[Recorded information]

▶

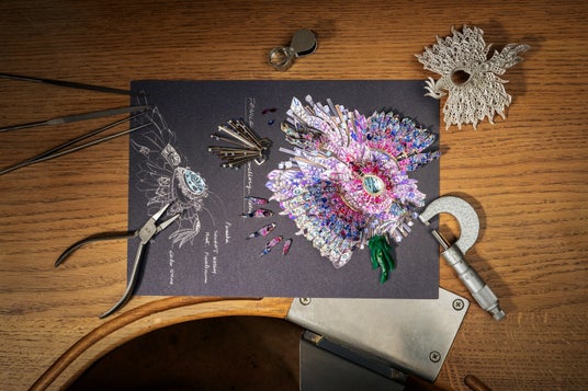 神話上の動物でエタニティを祝いたいと考えたブルガリ ウォッチのクリエイティブ ディレクター、ファブリツィオ・ボナマッサ・スティリアーニは、完成までに3,000時間以上を要した、まさに芸術作品の域に達するタイムピース「フェニーチェ」を生み出しました。このウォッチは、色石を極めるメゾンとしてのブルガリの地位を再認識させるものです。ブルー・ピンク・パープルのサファイア、アメシスト、ルビー、ピンクガーネット、タンザナイト、アイオライト、アクアマリン、ダイヤモンドなどの160カラットを超える色石を選び、見事なグラデーションを作り出しました。 ブルー、レッド、ピンクからパープルまで、さまざまなカラーパレットが美しい色彩を成しています。このシークレットウォッチのセンターのダイヤル上には、希少性の高い9.78カラットのパライバトルマリンが配されています。繊細かつ躍動的な可動式の羽根が手首を包み込むユニークな透かし彫り構造により、鳥が翼を広げて飛び立つ形が表現されています。美しいフェニーチェが復活の光を象徴するスパイクに囲まれている姿からは、ローマのサンタ・マリア・デッラ・ヴィットーリア教会にあるジャン・ロレンツォ・ベルニーニの祭壇画からインスピレーションを得たこのピースの唯一無二の輝きを見てとることができます。
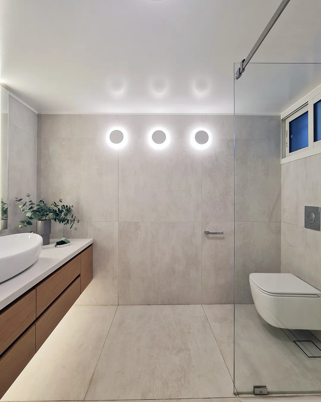 This bathroom keeps it simple, but adds just enough glow to elevate everything. The backlit oval mirror creates a soft halo effect that feels modern without being cold.
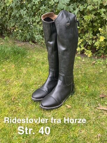 Horze ridestøvler i sort. Str 36. Klassiske, høje støvler velegnet til ridning. Fremstillet i et glat, rengøringsvenligt materiale med lav hæl og skridsikker sål. Neutralt design, der kan bruges af både børn og voksne afhængigt af størrelse. Velegnet til brug i stalden og til ridning.
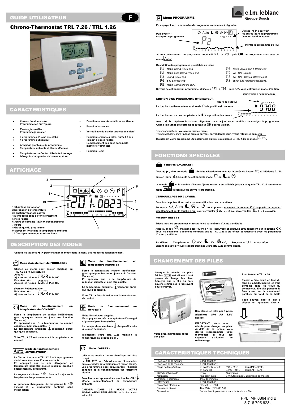 MODE D'EMPLOI TRL 1-26 ELM LEBLANC
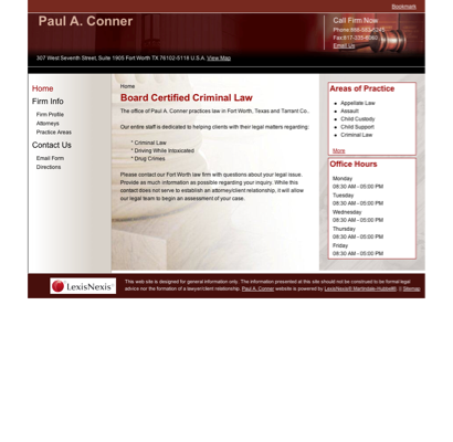 Conner- Paul A. Attorney is listed under Criminal Law in Fort Worth, Texas .

◀

[Work instruction] Copy out all of the data word for word. Do not carry over any picture.

[Reply]
 神話上の動物でエタニティを祝いたいと考えたブルガリ ウォッチのクリエイティブ ディレクター、ファブリツィオ・ボナマッサ・スティリアーニは、完成までに3,000時間以上を要した、まさに芸術作品の域に達するタイムピース「フェニーチェ」を生み出しました。このウォッチは、色石を極めるメゾンとしてのブルガリの地位を再認識させるものです。ブルー・ピンク・パープルのサファイア、アメシスト、ルビー、ピンクガーネット、タンザナイト、アイオライト、アクアマリン、ダイヤモンドなどの160カラットを超える色石を選び、見事なグラデーションを作り出しました。 ブルー、レッド、ピンクからパープルまで、さまざまなカラーパレットが美しい色彩を成しています。このシークレットウォッチのセンターのダイヤル上には、希少性の高い9.78カラットのパライバトルマリンが配されています。繊細かつ躍動的な可動式の羽根が手首を包み込むユニークな透かし彫り構造により、鳥が翼を広げて飛び立つ形が表現されています。美しいフェニーチェが復活の光を象徴するスパイクに囲まれている姿からは、ローマのサンタ・マリア・デッラ・ヴィットーリア教会にあるジャン・ロレンツォ・ベルニーニの祭壇画からインスピレーションを得たこのピースの唯一無二の輝きを見てとることができます。
 This bathroom keeps it simple, but adds just enough glow to elevate everything. The backlit oval mirror creates a soft halo effect that feels modern without being cold.
 Horze ridestøvler i sort. Str 36. Klassiske, høje støvler velegnet til ridning. Fremstillet i et glat, rengøringsvenligt materiale med lav hæl og skridsikker sål. Neutralt design, der kan bruges af både børn og voksne afhængigt af størrelse. Velegnet til brug i stalden og til ridning.
 MODE D'EMPLOI TRL 1-26 ELM LEBLANC
 Conner- Paul A. Attorney is listed under Criminal Law in Fort Worth, Texas .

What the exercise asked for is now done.